La Gouverneure de l’Arizona Jan Brewer ainsi que le Procureur général Terry Goddard [sites officiels, en anglais] ont déposé vendredi une requête [texte PDF, en anglais] auprès de la Cour de district de l’Arizona qui tend à faire débouter une plainte mettant en cause la validité de la très controversée loi sur l’immigration de cet Etat. A l’origine de la plainte, un chercheur de Washington, Roberto Frisancho, qui affirme qu’en raison de la loi SB 1070 [textes de préparation], il risque d’être soumis à un harcèlement des forces de police en raison de ses origines hispano-américaines. Selon la partie défenderesse, cette plainte devrait être écartée faute de dommage avéré. Le plaignant ne justifierait pas d’un intérêt suffisant pour contester la loi :
“l’allégation d’un dommage repose sur la spéculation quant à ce qui pourrait advenir. Elle se fonde par ailleurs sur une interprétation erronée de la loi arizonienne, puisqu’elle ne prend pas en compte les amendements à la loi SB 1070 interdisant aux forces de l’ordre de s’appuyer sur la race, la couleur de peau et les origines nationales comme critère de suspicion de présence illégale, à moins d’y être autorisés par la Constitution des Etats-Unis ou de l’Arizona”.

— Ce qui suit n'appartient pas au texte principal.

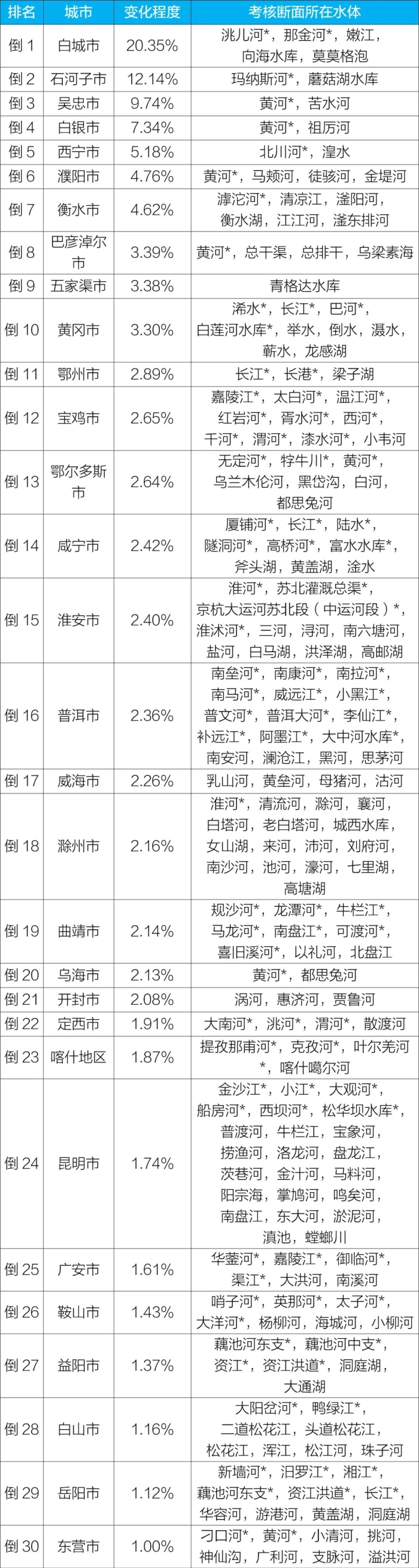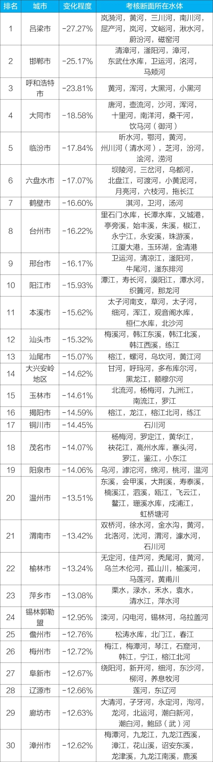 呂梁、邯鄲和呼和浩特等30個(gè)城市國(guó)家地表水考核斷面水環(huán)境質(zhì)量變化情況相對(duì)較好(從第1名至第30名),白城、石河子和吳忠等30個(gè)城市國(guó)家地表水考核斷面水環(huán)境質(zhì)量變化情況相對(duì)較差(從倒數(shù)第1名至倒數(shù)第30名)。見附表3—附表4。

Cinq plaintes ont été déposées contre Brewer depuis que celle-ci a signé la loi en avril. Deux de ces plaintes proviennent des officiers de police de l’Arizona, lesquels affirment que la loi sera impossible à mettre en œuvre sans avoir recours au profilage racial. La loi, qui prendra effet le 29 juillet, criminalise l’immigration illégale, et exige des officiers de police qu’ils interrogent un individu sur la légalité de sa présence sur le sol américain, dès lors qu’ils ont un doute raisonnable sur celle-ci. Les critiques de la loi font état de graves doutes quant à sa constitutionalité, et lui reprochent de légaliser en sourdine le profilage racial.